From 3 am, a small cluster of storms (Being 3 cells) developed over north central and northern Sydney and moved very slowly south and by 4 am there were two moderate to intense cells which had merged into one multicell. By day break the storms tracked south towards Campbelltown and weakened. The storm stretched from about Doonside to Lidcombe (In Width).

This storm produced some 270 lightning flashes of which a majority was within the cloud but it was the rainfall that caught my attention. In particular:-

Parramatta - 68 mm
Granville Shell Refinery - 99 mm
Northmead and Pennant Hills figures reached 70 to 80 mm.
An isolated fall of 66 mm fell at Liverpool.
There was 17 mm at my place.

A second stationary thunderstorm developed over central west of Sydney from 7.30 am centered firstly on Burwood, then Strathfield and moved onto Auburn. This storm dumped more significant rain on suburbs such as Strathfield, Lidcombe, Auburn and Homebush Bay.

Council Drainage Engineers were called out to address flash flooding issues and observed and photograped flash flooding in Joseph Street (Roadway in Lidcombe), Duck River (The weir overflowed upstream) and significant water rises in Haslams's Creek. There was also inundation of other roads in Lidcombe.

Auburn Council has a rain gauge linked to the BOM network at its Golf Course and there is one at the nearby Strathfield Golf Course and we analysed part of the network of gauges at Potts Hill, Homebush Bay, (Council's own gauges) and found some interesting facts:-

a) The second storm (Being the 8 am storm) over Potts Hill had a peak intensity of approximately 108 mm / hour when a peak intensity of 4.2 mm of rain fell in 1 minute and 54 seconds.

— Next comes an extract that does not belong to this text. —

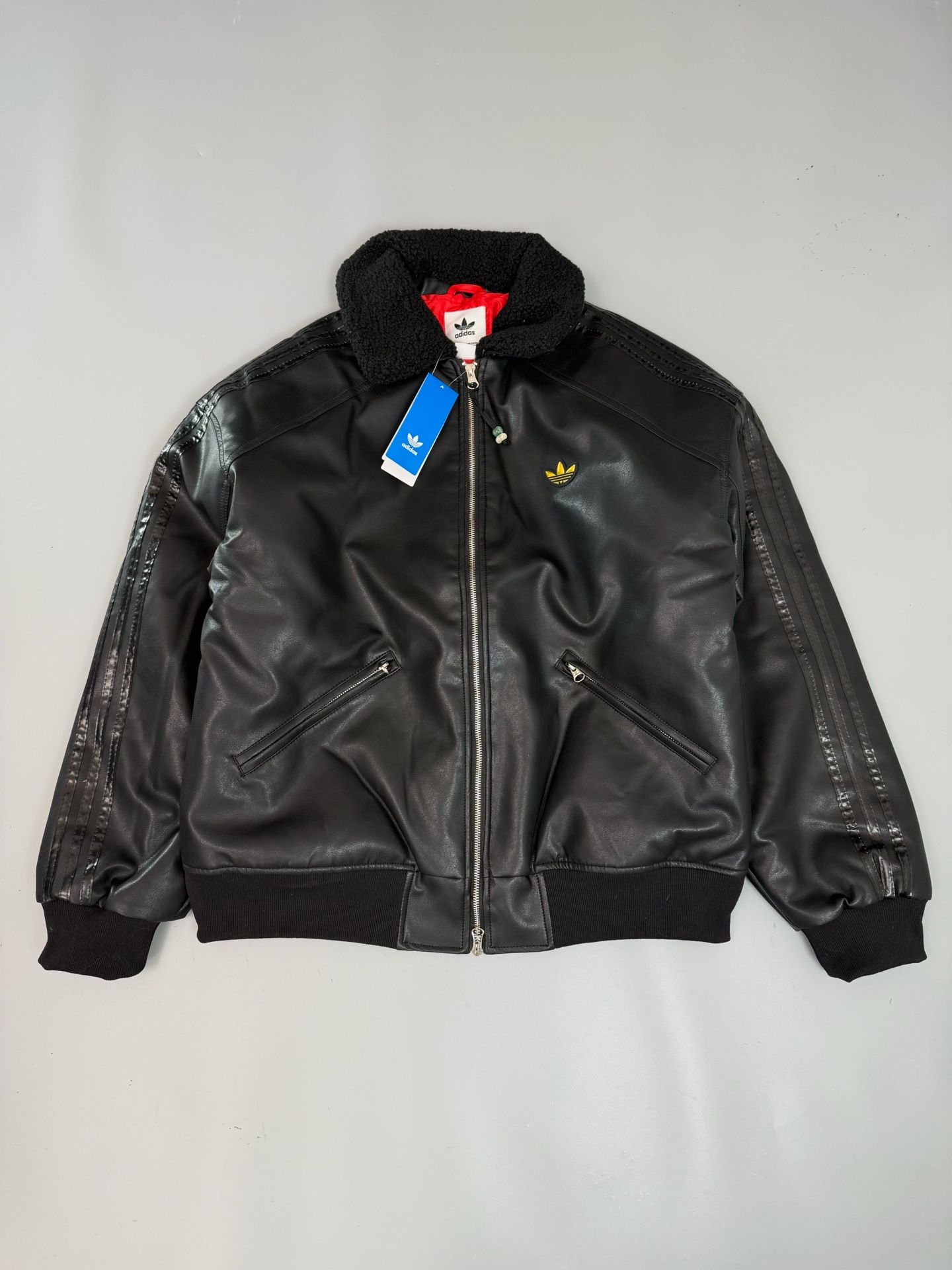 代发 Adidas阿迪达斯三叶草仿皮翻领美式复古翻领皮衣棉服 396803

b) Lidcombe and in particular the golf course in Nottinghill Road was hit by a 1 in 5 year thunderstorm when 39 mm fell in a 60 minute period. The mathematics of it shows this as a 1 in 5 year event.

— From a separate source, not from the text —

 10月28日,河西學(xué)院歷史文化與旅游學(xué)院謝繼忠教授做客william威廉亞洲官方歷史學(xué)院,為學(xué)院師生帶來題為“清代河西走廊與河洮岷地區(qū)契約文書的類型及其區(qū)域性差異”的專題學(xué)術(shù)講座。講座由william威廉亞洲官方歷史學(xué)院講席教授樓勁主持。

c) The 109 mm (Total) observed at Granville Shell Refinery was split into a 99 mm fall over a 24 hour period and another 10 mm from the second storm. Yet this only rates as a 1 in 2 year event.

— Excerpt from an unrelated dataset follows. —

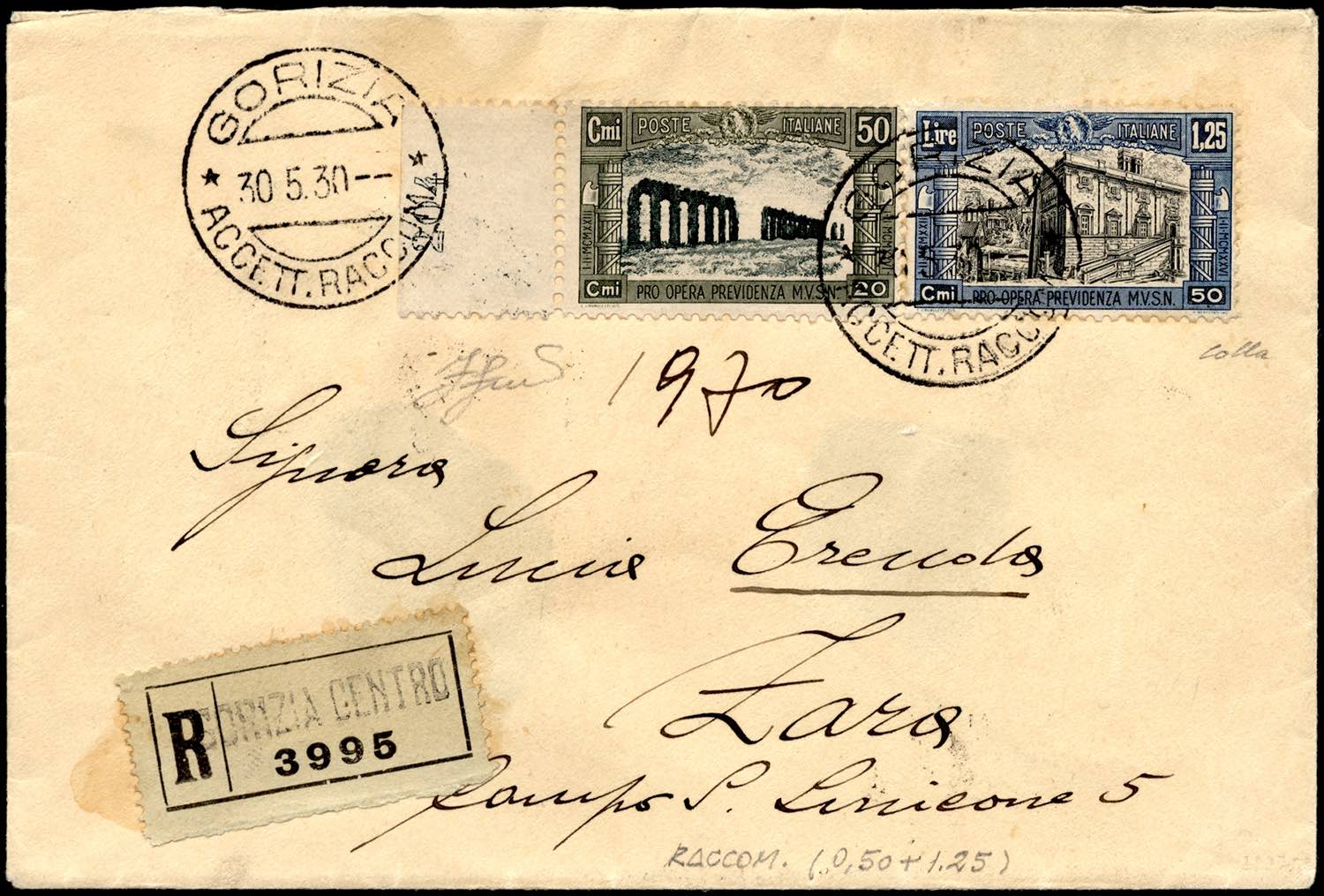1930 - 50 cent. 20 cent. e 1,25 cent. Milizia III (273?), perfetti, il bordo di foglio con numero di tavola 204, su busta raccomandata da Gorizia 30/5/1930 a Zara. Bella e raro uso postale. G.Colla, Ferrario.

d) Auburn had 52 mm from the two storms with 20 mm falling from the second storm but can only be rated no more than a 1 in 2 year event.

e) Falls approaching or up to 100 mm fell in Silverwater (Being next to the Shell Refinery but part of Auburn Council's jurisdiction).

There was flash flooding on Parramatta Road. I observed significant rises in Duck River myself.

The storms developed and dumped over small areas and the second one dumped onto Auburn / Lidcombe and Strathfield causing some havoc to Council. After dumping it's rain load, the storm weakened.

The flash flooding caused several roads to be closed for a while.

I noted another line of storms developing thereafter but off the coast. Presumably they died after dumping their rain loads.

Harley Pearman

Title: Re: NSW Storms 6 December 2007
Post by: David Brodrick on 12 December 2007, 04:38:58 PM
North West Slopes, Thurs 6th Dec

There was no action near Narrabri but some great action on the Moree RADAR on this day. The attached photo was an attempt to capture some very powerful updrafts just as they were reaching the equilibrium level and the anvil began forming. The photo is from Narrabri and the Nandewar Ranges (Mt Kaputar) is in the foreground. I recall this storm was actually over Inverell, several hundred km away!

David C, good point, advice noted and taken on board. In this particular case I understand the Texas storm was quite severe and caused some damage, although I can't find the ABC News link anymore. I never heard anything about the Goondiwindi/Boggabilla storm. These were isolated cells with very high RADAR reflectivity.

Regards,
  Dave
Title: Re: NSW Storms 6 December 2007
Post by: TroyVR on 15 February 2008, 03:00:22 PM
This thing hit like a freight train. Calm 1 second, pouring rain and ferocious winds the next. Absolutely Brilliant stuff In my opinion.